Dataset items:

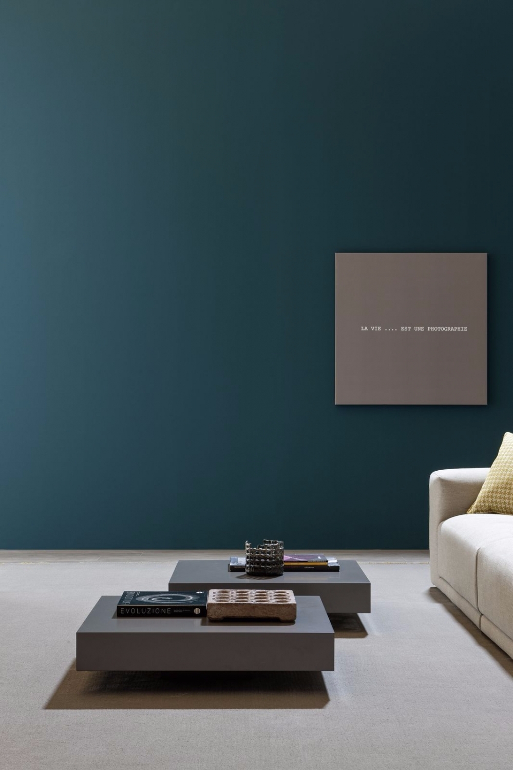 Shadows est une table basse en laqué mat se constituant d’un plateau épais monolithe posant sur un piètement. Sa forme simple et régulière dessine des ombres profondes sur le sol.
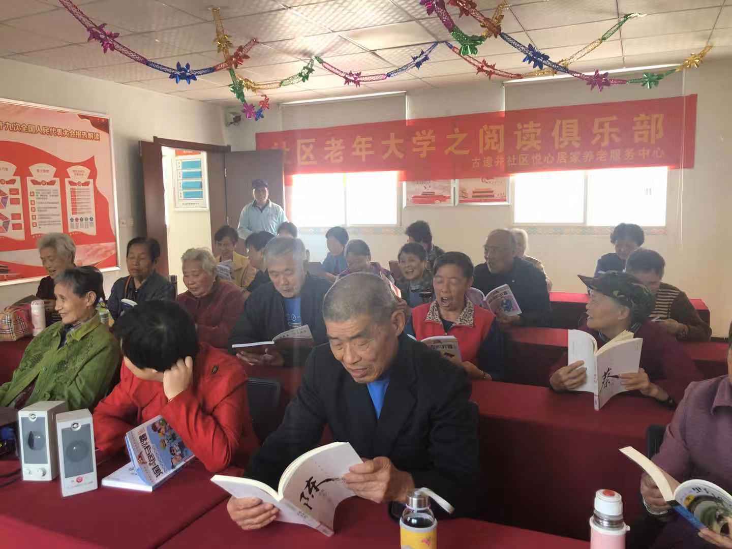 本月读书会活动主要以分享读书心得和美文朗诵。社区的老党员梁和德叔叔分享了《撸起袖子加油干》党员干部读本习,响应习近平总书记的号召,使人倍感温暖,备受鼓舞,其他阅读爱好者分享了《落日红门》《狼孩》《本草纲目》等书籍的感受与体会。
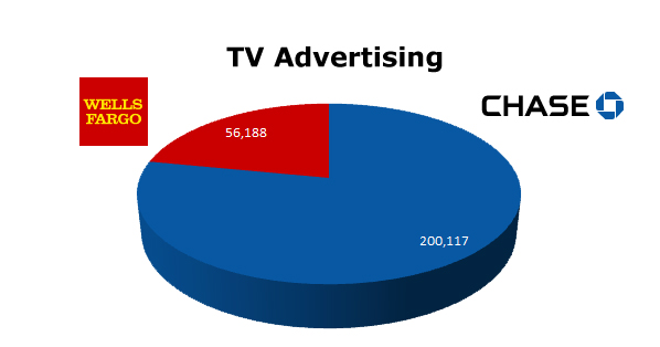 On TV, Wells Fargo only ran a little over 28% of what Chase ran. Chase ran 200,117 spots in the last 12 months, while Wells Fargo ran 56,188 TV spots.
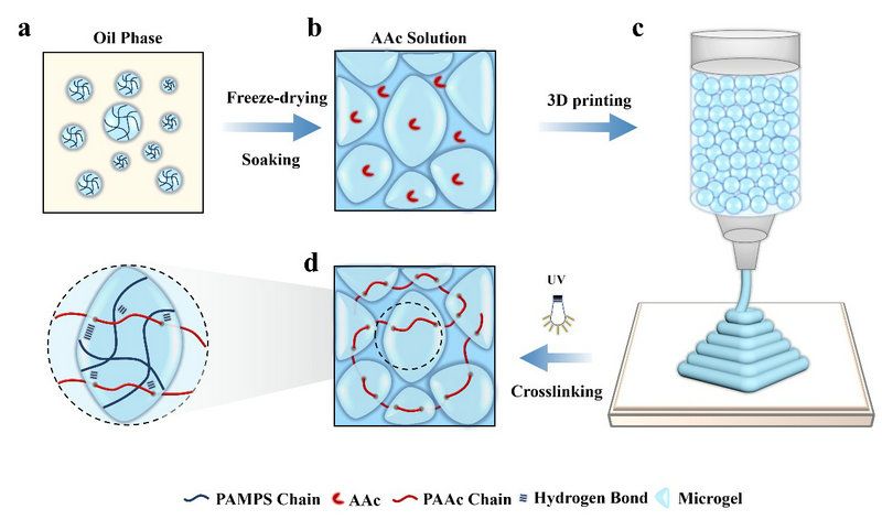 图1 基于微凝胶增强双网络水凝胶的3D打印微结构
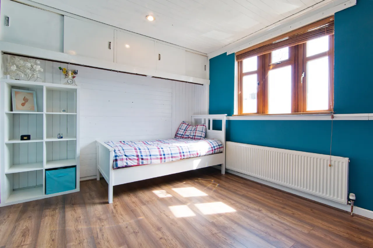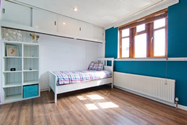 Bedroom 1 is a generously sized double bedroom with a front-facing window, built in storage and laminate flooring . Bedroom 2 mirrors this spaciousness of the front wall mounted radiator, built in storage and laminate flooring. Bedroom 3 again is sized double bedroom with window to rear aspect overlooking the garden, built in wardrobes and laminate flooring. The family bathroom is fitted out to an extremely high standard with an Opaque rear-facing window, a corner shower unit, with power shower, glass shower screen, a WC, a feature vanity unit, inset sink with mixer tap and floor-to-ceiling tiling.
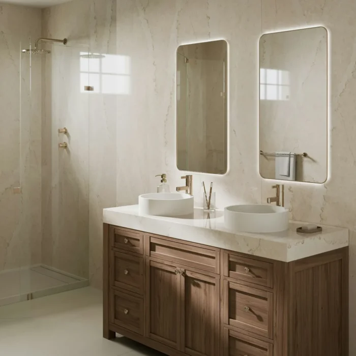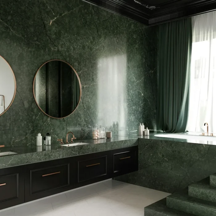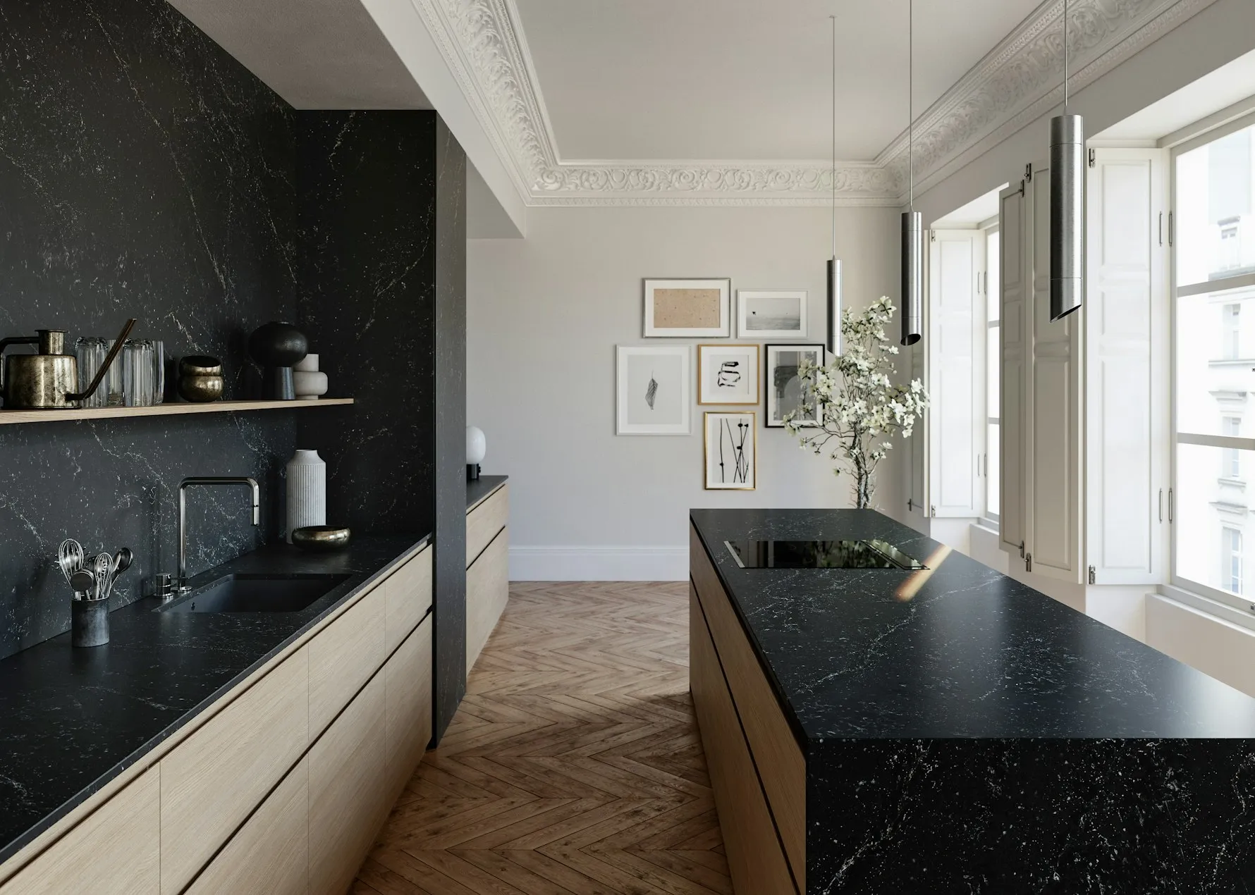 Sustainability and innovation come together in surfaces composed of minerals and recycled materials.
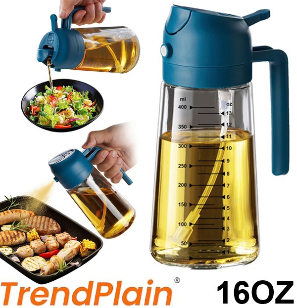 TrendPlain Olive Oil Spray and dispenser bottle - 16oz - BLUE (MODEL: Ver001)
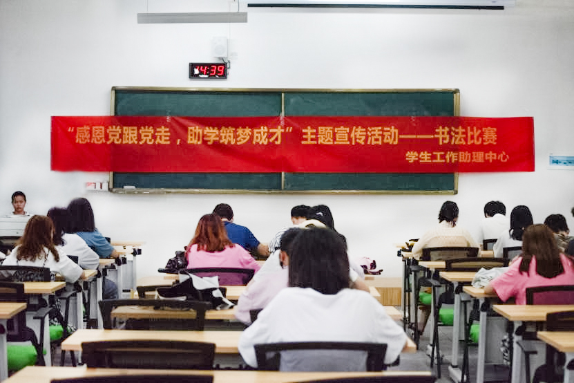 为庆祝建党100周年,培育受资助学生的爱党爱国情感和感恩意识,进一步推进南宁校区学生资助政策宣传工作,南宁校区学生事务部于2021年5月22日下午在A4教学楼举办了资助政策宣传月“感恩党跟党走,助学筑梦成才”主题宣传活动—书法比赛,本次活动由南宁校区学生工作助理中心承办,共有六百多名同学参与。
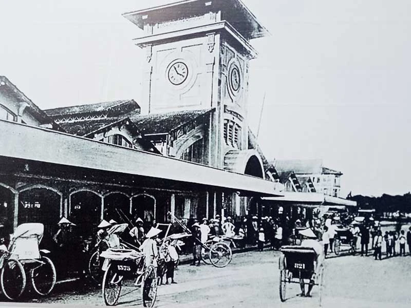 Hình ảnh chợ Bến Thành năm 1914 được trưng bày tại triển lãm. Ảnh tư liệu
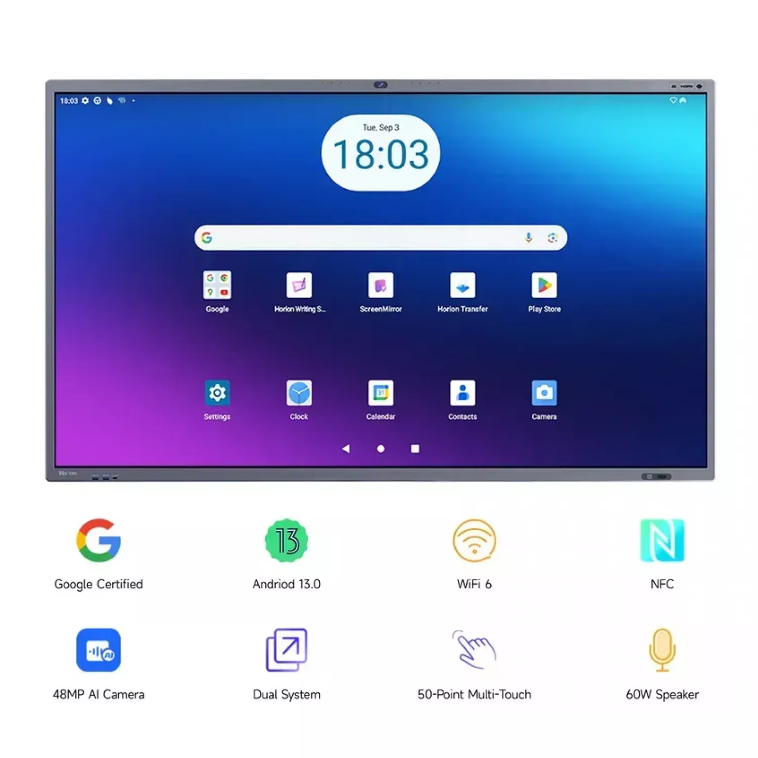 Interactive display horizon 75" interactive display horion 75m6apro edla, uhd 4k 3840x2160, 450 cd/m2, 1200:1, 50-points touch, cpu 8-core, android 13, 8gb ram + 128gb rom, 60w audio, wifi6, bt, 48mb camera, 8-array mic,2 pens+bracket, 2xhdmi,dp,2xlan,2xusb,type-c, 3xtouch usb

▶ **WHAT IS EXPECTED**: Only text belongs in the copy: repeat each line of the data exactly and leave out the pictures.

▶ **WORKED SOLUTION**:
 Shadows est une table basse en laqué mat se constituant d’un plateau épais monolithe posant sur un piètement. Sa forme simple et régulière dessine des ombres profondes sur le sol.
 本月读书会活动主要以分享读书心得和美文朗诵。社区的老党员梁和德叔叔分享了《撸起袖子加油干》党员干部读本习,响应习近平总书记的号召,使人倍感温暖,备受鼓舞,其他阅读爱好者分享了《落日红门》《狼孩》《本草纲目》等书籍的感受与体会。
 On TV, Wells Fargo only ran a little over 28% of what Chase ran. Chase ran 200,117 spots in the last 12 months, while Wells Fargo ran 56,188 TV spots.
 图1 基于微凝胶增强双网络水凝胶的3D打印微结构
 Bedroom 1 is a generously sized double bedroom with a front-facing window, built in storage and laminate flooring . Bedroom 2 mirrors this spaciousness of the front wall mounted radiator, built in storage and laminate flooring. Bedroom 3 again is sized double bedroom with window to rear aspect overlooking the garden, built in wardrobes and laminate flooring. The family bathroom is fitted out to an extremely high standard with an Opaque rear-facing window, a corner shower unit, with power shower, glass shower screen, a WC, a feature vanity unit, inset sink with mixer tap and floor-to-ceiling tiling.
 Sustainability and innovation come together in surfaces composed of minerals and recycled materials.
 TrendPlain Olive Oil Spray and dispenser bottle - 16oz - BLUE (MODEL: Ver001)
 为庆祝建党100周年,培育受资助学生的爱党爱国情感和感恩意识,进一步推进南宁校区学生资助政策宣传工作,南宁校区学生事务部于2021年5月22日下午在A4教学楼举办了资助政策宣传月“感恩党跟党走,助学筑梦成才”主题宣传活动—书法比赛,本次活动由南宁校区学生工作助理中心承办,共有六百多名同学参与。
 Hình ảnh chợ Bến Thành năm 1914 được trưng bày tại triển lãm. Ảnh tư liệu
 Interactive display horizon 75" interactive display horion 75m6apro edla, uhd 4k 3840x2160, 450 cd/m2, 1200:1, 50-points touch, cpu 8-core, android 13, 8gb ram + 128gb rom, 60w audio, wifi6, bt, 48mb camera, 8-array mic,2 pens+bracket, 2xhdmi,dp,2xlan,2xusb,type-c, 3xtouch usb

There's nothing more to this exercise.